Multivariate analysis: Sometimes individual metrics look fine, but correlations between metrics reveal problems. Latency is normal, error rate is normal, but latency AND error rate both increased slightly—that’s suspicious.

Dashboard Design

You need dashboards that surface issues quickly.

High-level health: A single screen showing overall system health—traffic volume, error rate, latency, quality metrics, cost.

Drill-down views: Click into specific time ranges, user segments, or endpoints to investigate anomalies.

Real-time alerts: Show active alerts prominently, with context about why they fired.

Historical trends: Show metrics over days, weeks, months to detect slow degradation.

The Human Review Loop

Automated monitoring catches most issues, but not all. Budget for human review.

Spot checks: Have team members randomly review production outputs weekly. Do they look good? Anything surprising?

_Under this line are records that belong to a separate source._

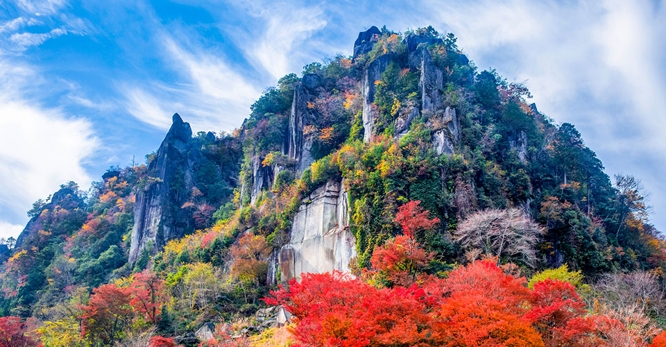 九州の紅葉スポットとして有名な大分県の耶馬溪(やばけい)は、本耶馬渓(本耶馬渓町)、裏耶馬溪・深耶馬溪(ともに耶馬溪町)、奥耶馬溪(山国町)に分かれます。耶馬渓の紅葉は、京都の嵐山、栃木の日光と並び、日本三大紅葉名所と呼ばれています。群猿山、鳶ノ巣山、嘯猿山、夫婦岩、雄鹿長尾の峰、烏帽子岩、仙人岩、海望嶺などから成る岩峰群を見渡せる景勝地「一目八景(ひとめはっけい)」からの展望は見事です。紅葉に染まる山々の風景を眺めながらのウォーキングがお勧めで、遊歩道と川と紅葉の織り成す風景を心ゆくまで堪能できます。紅葉の例年の見頃は10月下旬~11月中旬です。
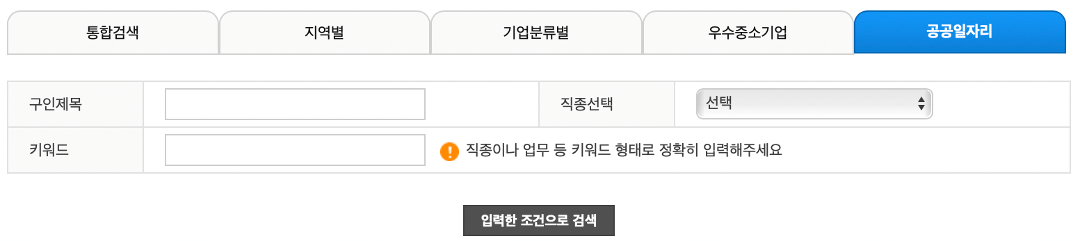 | 채용정보 | 교육훈련 | 일자리서비스 | 우수중소기업 |
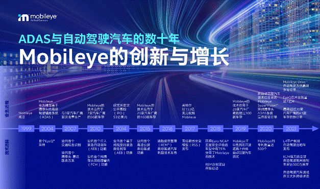 作为行业领导者之一,Mobileye始终处于高级驾驶辅助系统(ADAS)和自动驾驶解决方案创新的前沿,这是一个快速增长且不断演进的市场,并正在改变全球的货物运输和人们的出行方式。2021年,Mobileye EyeQ® 系统集成芯片(SoC)出货量突破1亿片,Mobileye的自动驾驶测试汽车已在位于美国、欧洲和亚洲的全球多座城市开跑,Mobileye还推出了量产自动驾驶出租车,赢得了全球超过30家汽车厂商的41款车型的全新ADAS项目订单,这些项目涵盖了从核心的驾驶辅助技术到下一代驾驶辅助和完全自动驾驶系统。Mobileye还赢得了从2023年开始的多个出行即服务(MaaS)项目,以及从2024年开始的多个采用Mobileye自动驾驶系统的消费者和B2B量产汽车项目。
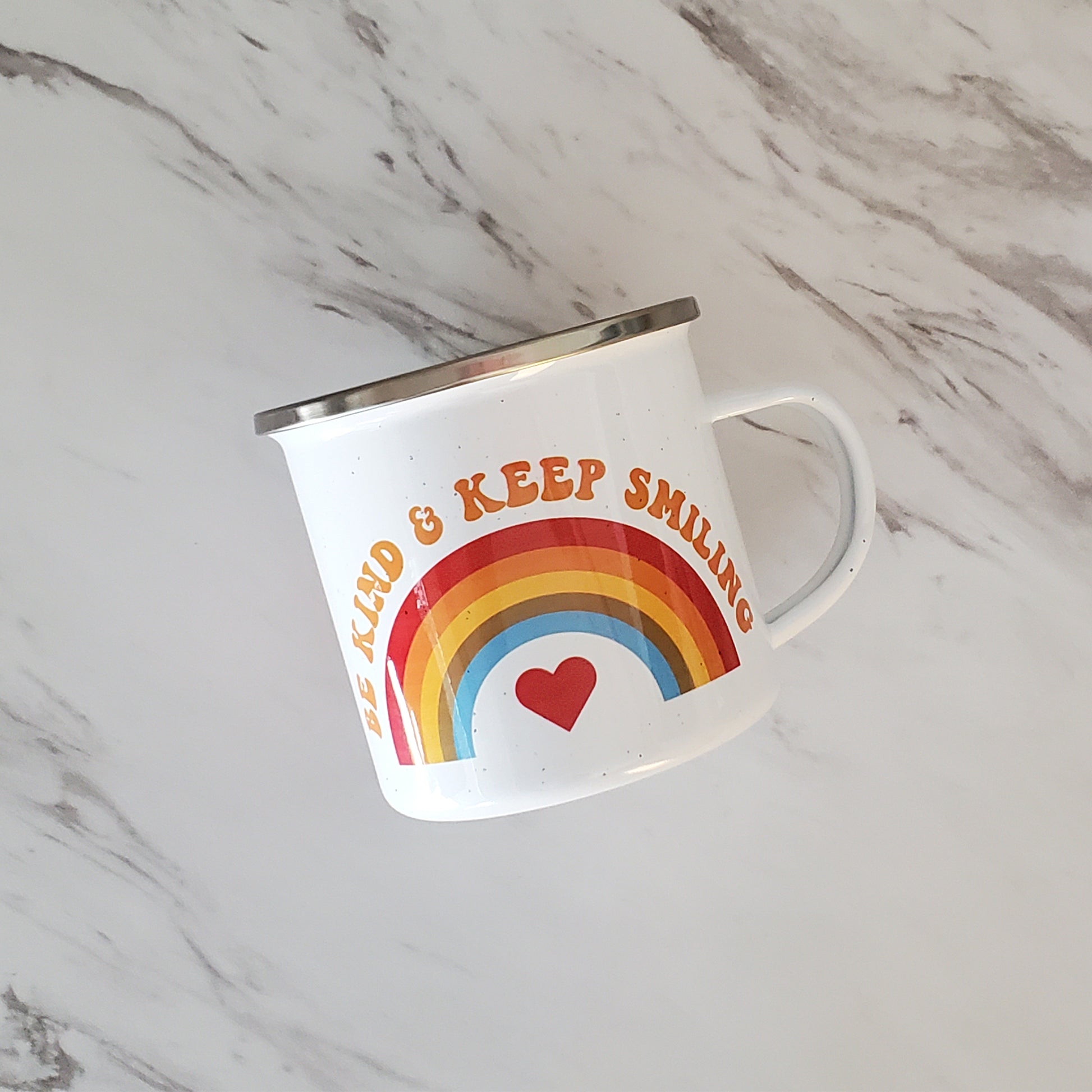 Be Kind & Keep Smiling Rainbow Camping Mug
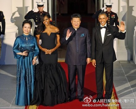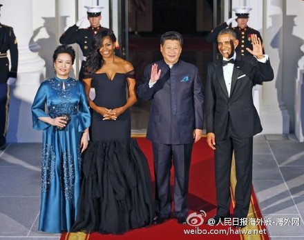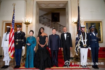 【奧巴馬在白宮東廳設(shè)國宴招待習(xí)近平夫婦】據(jù)美聯(lián)社報(bào)道,奧巴馬總統(tǒng)夫婦在9月25日晚邀請(qǐng)中國國家主席習(xí)近平及夫人彭麗媛參加在白宮東廳舉行的國宴,四人在東廳門口亮相。
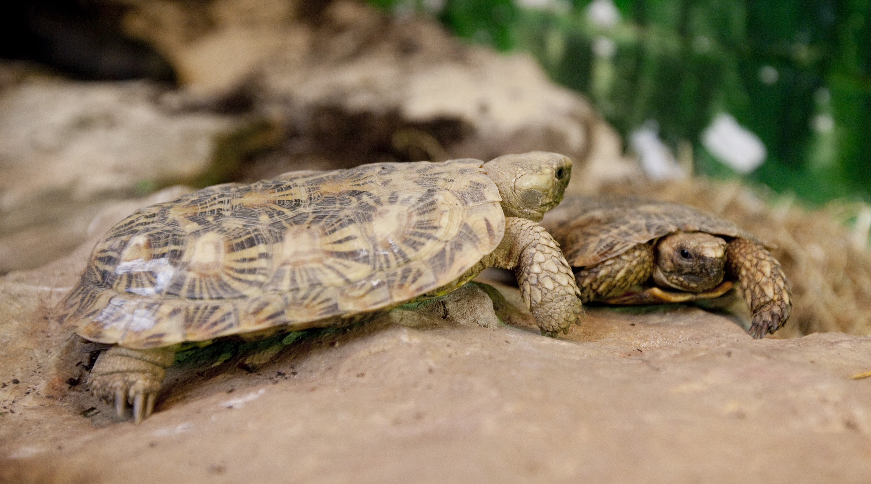This tortoise can certainly shift if it needs to and are and good climbers too. This proves very useful when they’re trying to avoid predators. When trying to hide they will wedge themselves in crevices (gaps in rocks) and puff up their body to wedge themselves so they can’t be pulled out. They do this in their enclosure at Folly Farm so don’t panic if you see them wedged sideways between two stones, it’s completely normal behaviour.
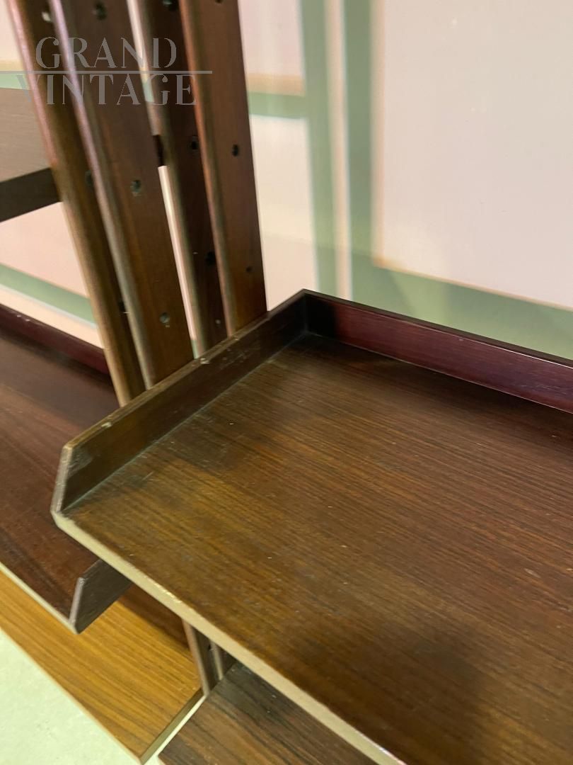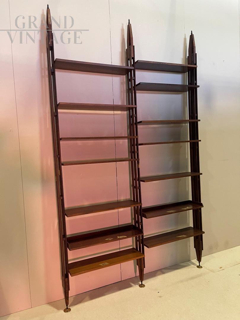 Icona del design italiano degli anni '50, la libreria a soffitto modello LB7 di Franco Albini è un raffinato esempio di equilibrio tra estetica funzionale e innovazione tecnica. Questa struttura autoportante è progettata per essere fissata a pressione tra soffitto e pavimento, senza necessità di fori o ancoraggi permanenti, garantendo al tempo stesso grande stabilità. Realizzata in legno massello di teak, presenta 14 ripiani regolabili in altezza, che scorrono lungo montanti verticali con eleganti innesti a scomparsa. Il sistema modulare consente una personalizzazione completa dell’allestimento, adattandosi perfettamente a spazi domestici o professionali. La LB7 rappresenta un perfetto connubio tra artigianato e modernismo razionale, ed è ancora oggi ricercata da molti.
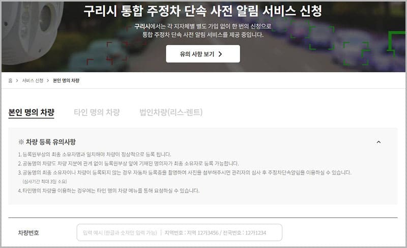 ✔️ 구리시 주정차단속 알림서비스 유의사항
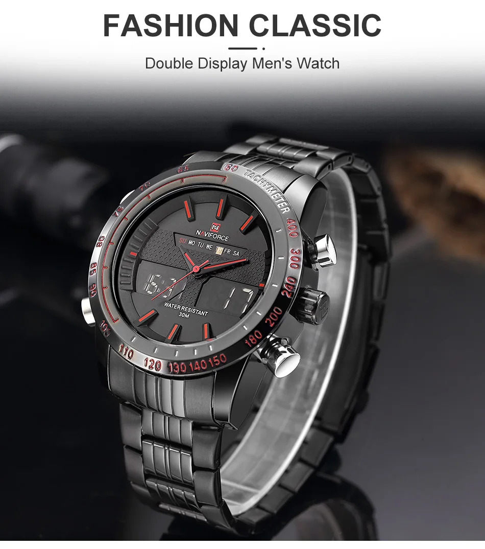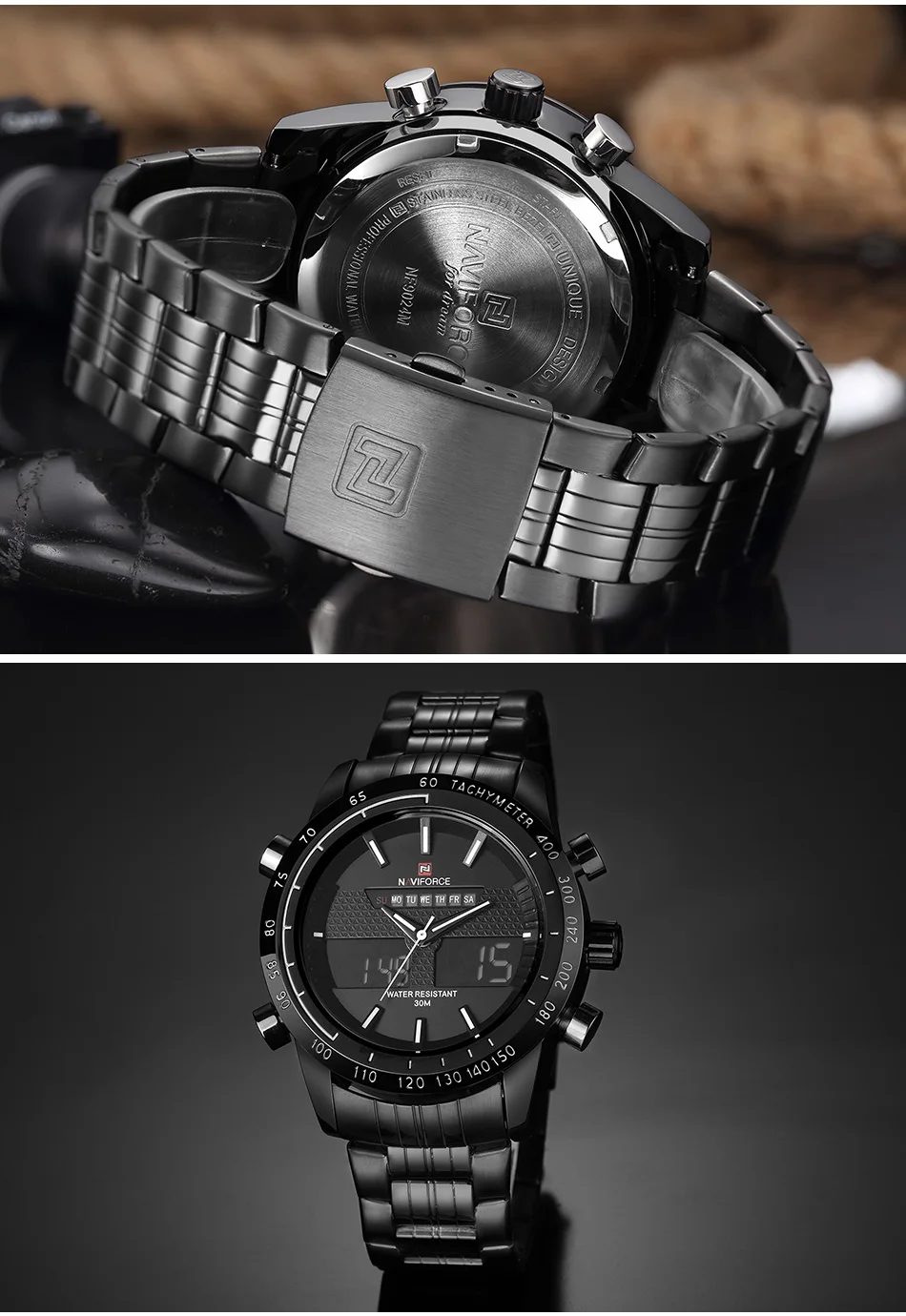 NAVIFORCE мужские модные спортивные часы, кварцевые, мужские, водонепроницаемые наручные часы из нержавеющей стали, мужские часы
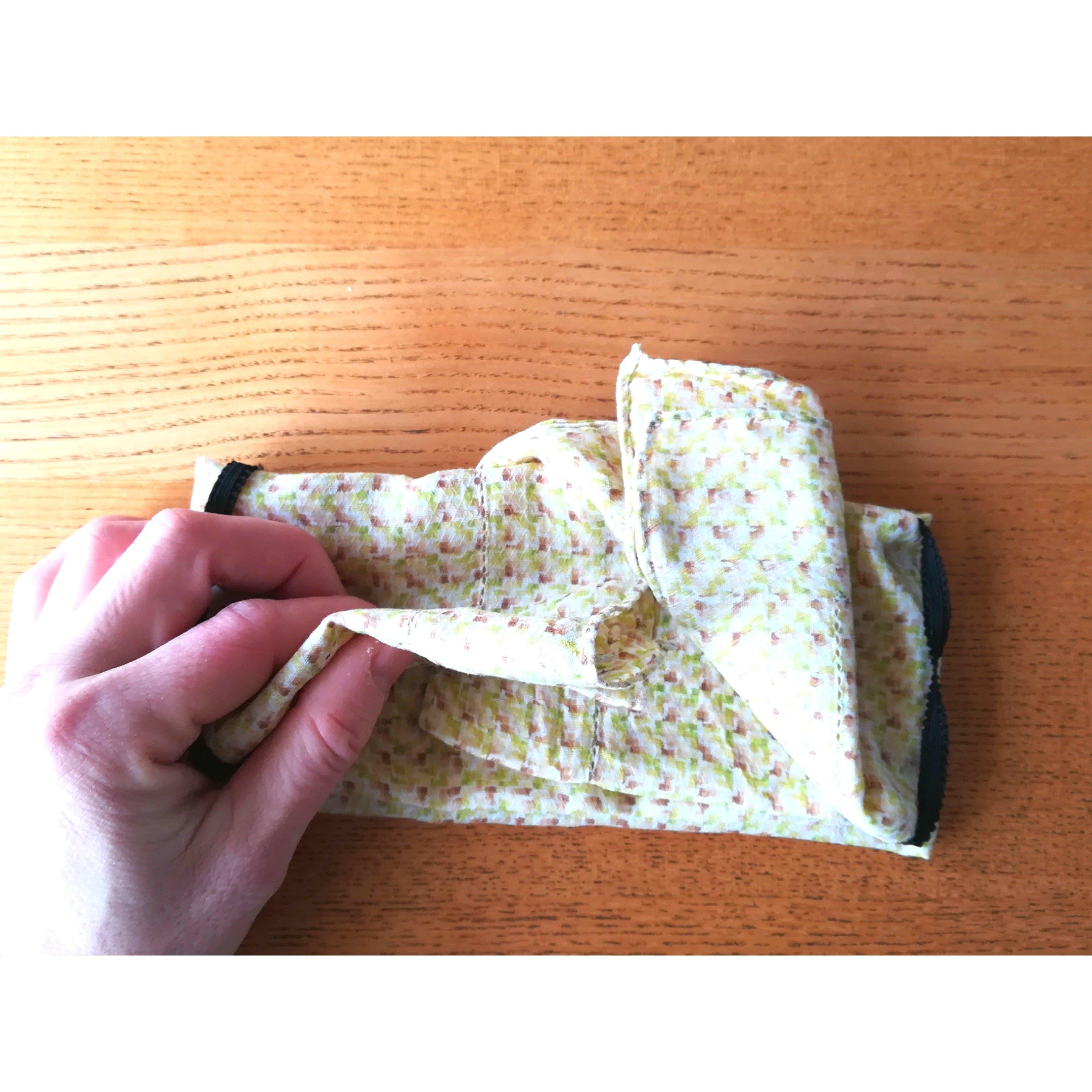 2.ゴムを両脇に通したら、ハンカチを左右から中心に向けて少し重なるようにたたみます。
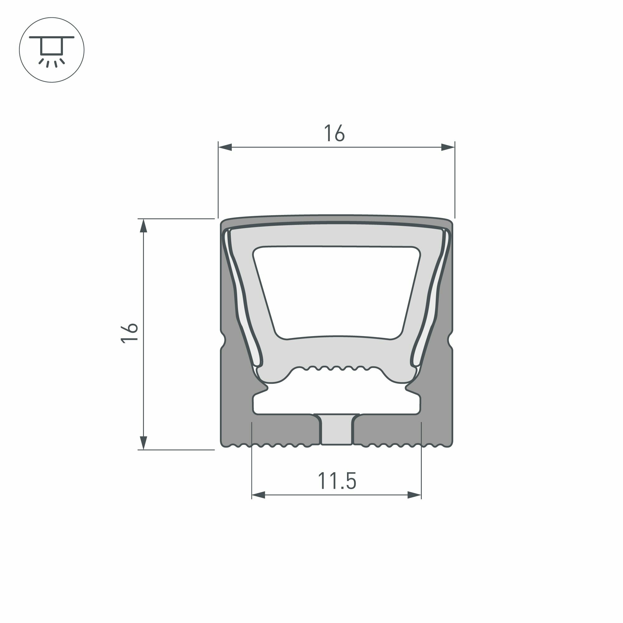 Цельнолитой силиконовый гибкий профиль, черный матовый. Габаритные размеры 5000×16×16 мм. Гнется в плоскости. Для установки во влажных помещениях необходима герметизация при помощи двухкомпонентного эпоксидного герметика. Класс пылевлагозащиты – IP65 (при соблюдении технологии герметизации). Для лент шириной 10 мм, высотой до 2,85 мм и мощностью до 10 Вт/м. Угол излучения 110°. Поставляется в катушках по 5 м. Цена за 1 м.
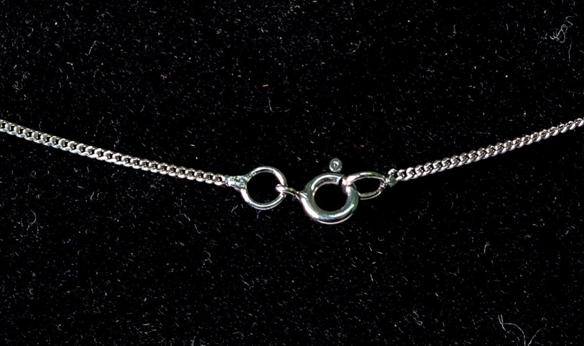 Chain stamped 925. Pendant likely just metal. Chain measures approx. 18", pendant 1.5".
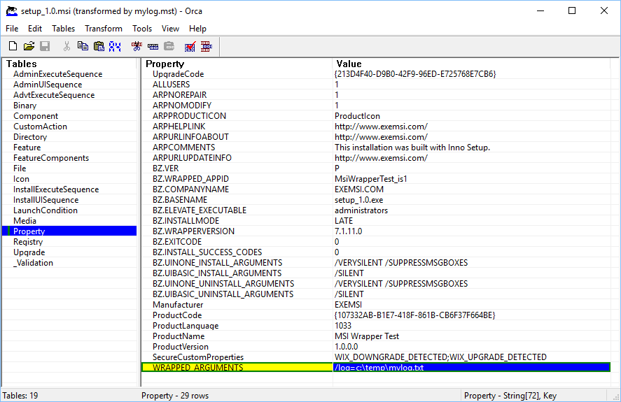 Tools such as Orca can be used to generate a MST file. The image below shows how you can add this property and insert extra command line arguments for the wrapped installer. In this example, we add a logging parameter for our test program built with Inno Setup.

User-flagged issues: When users report problems, review those outputs and add them to your test sets.

Periodic quality audits: Every month or quarter, do a deep dive on quality metrics across different user segments and use cases.

What Good Looks Like

A well-monitored LLM system has:

  • Automated quality sampling on 1-5% of production traffic
  • Alerts on quality degradation, not just downtime
  • Full request tracing with replay capability
  • Cost tracking and budget alerts
  • Canary deployment processes with automated rollback
  • Dashboards that show both technical and quality metrics
  • Regular human review to catch issues automation misses

Monitoring LLM systems is harder than monitoring traditional software because quality is subjective, outputs are variable, and many issues are subtle. But with the right instrumentation, you can catch problems before they scale and maintain high quality in production.